5. Visualize both time-series of CAMS and MONARCH forecasts together in one plot


Load required libraries

import xarray as xr
import pandas as pd

from IPython.display import HTML

import matplotlib.pyplot as plt
import matplotlib.colors
from matplotlib.cm import get_cmap
from matplotlib import animation
from matplotlib.axes import Axes

import cartopy.crs as ccrs
from cartopy.mpl.gridliner import LONGITUDE_FORMATTER, LATITUDE_FORMATTER
import cartopy.feature as cfeature
from cartopy.mpl.geoaxes import GeoAxes
GeoAxes._pcolormesh_patched = Axes.pcolormesh

import warnings
warnings.simplefilter(action = "ignore", category = RuntimeWarning)

Load helper functions

%run ../../functions.ipynb

1. Download and animate the CAMS global forecast for 21 Feb 2020

First, we have to download the CAMS global atmospheric composition forecast data from the Copernicus Atmosphere Data Store with the following specifications:

  • Variable on single levels: Dust aerosol optical depth at 550 nm

  • Date (Start and end): 2020-02-21

  • Time: 12:00

  • Leadtime hour: every three hours from 0 to 90

  • Type: Forecast

  • Restricted area: N: 67, W: -30, E: 71, S: -3

  • Format: Zipped netCDF

See the CDSAPI request below.

URL = 'https://ads.atmosphere.copernicus.eu/api/v2'
KEY = '######################'
import cdsapi

c = cdsapi.Client(url=URL, key=KEY)

c.retrieve(
    'cams-global-atmospheric-composition-forecasts',
    {
        'variable': 'dust_aerosol_optical_depth_550nm',
        'date': '2020-02-21/2020-02-21',
        'time': '12:00',
        'leadtime_hour': [
            '0', '12', '15',
            '18', '21', '24',
            '27', '3', '30',
            '33', '36', '39',
            '42', '45', '48',
            '51', '54', '57',
            '6', '60', '63',
            '66', '69', '72',
            '75', '78', '81',
            '84', '87', '9',
            '90',
        ],
        'type': 'forecast',
        'area': [
            67, -30, -3,
            71,
        ],
        'format': 'netcdf_zip',
    },
    '../../eodata/case_study/cams/20210221_dustAOD.zip')
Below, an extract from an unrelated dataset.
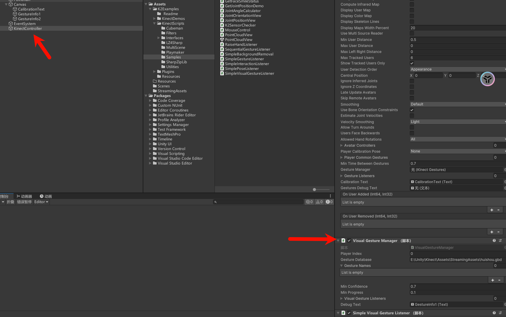 打开Unity,并导入Kinect v2 Examples with MS-SDK 插件,找到里面的案例Demo。可以去官方文档,得知每一个场景具体功能。GithubWiki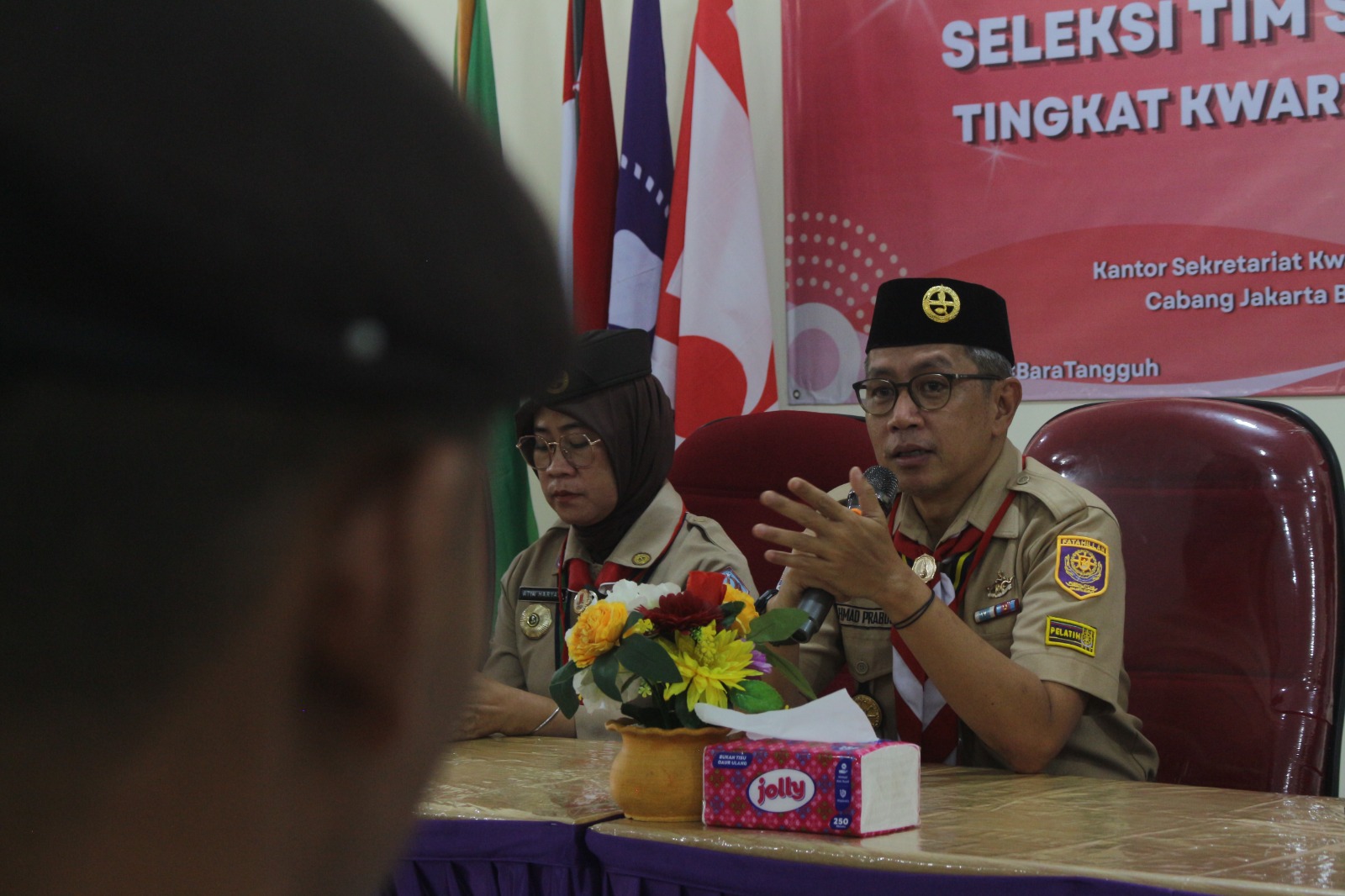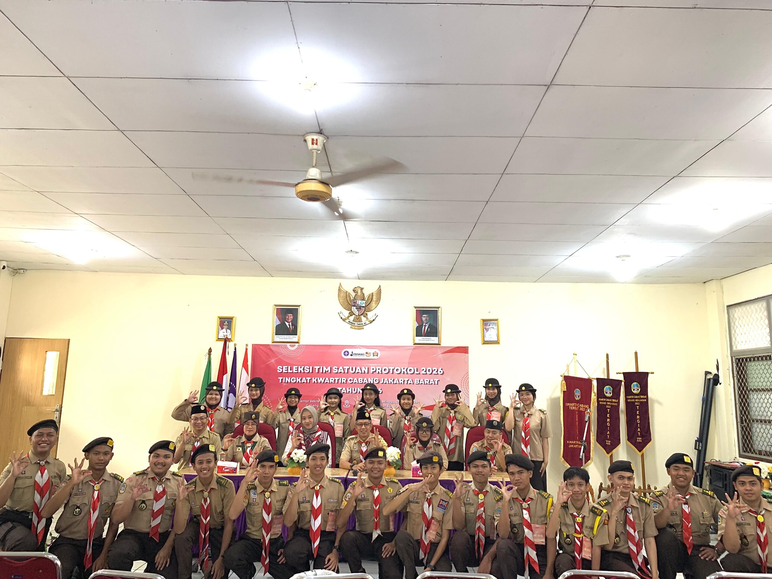 Jakarta Barat — Kwartir Cabang (Kwarcab) Gerakan Pramuka Jakarta Barat menggelar Seleksi Tim Satuan Protokol tingkat cabang pada Minggu (26/4) di Gedung Sekretariat Kwarcab Jakarta Barat. Sebanyak 15 Pramuka Penegak dan Pandega mengikuti kegiatan ini untuk memperebutkan posisi dalam tim protokol tahun 2026.

The first step is to unzip file from the zipped archive downloaded.

import zipfile
with zipfile.ZipFile('../../eodata/case_study/cams/20200221_dustAOD.zip', 'r') as zip_ref:
    zip_ref.extractall('../../')

Then, we can open the netCDF file with the xarray function open_dataset(). We see that the data has three dimensions (latitude, longitude, time) and one data variable:

  • duaod550: Dust Aerosol Optical Depth at 550nm

file = xr.open_dataset('../../eodata/case_study/cams/data.nc')
file
<xarray.Dataset>
Dimensions:    (longitude: 253, latitude: 176, time: 31)
Coordinates:
  * longitude  (longitude) float32 -30.0 -29.6 -29.2 -28.8 ... 70.0 70.4 70.8
  * latitude   (latitude) float32 67.0 66.6 66.2 65.8 ... -1.8 -2.2 -2.6 -3.0
  * time       (time) datetime64[ns] 2020-02-21T12:00:00 ... 2020-02-25T06:00:00
Data variables:
    duaod550   (time, latitude, longitude) float32 ...
Attributes:
    Conventions:  CF-1.6
    history:      2021-11-02 14:50:00 GMT by grib_to_netcdf-2.23.0: /opt/ecmw...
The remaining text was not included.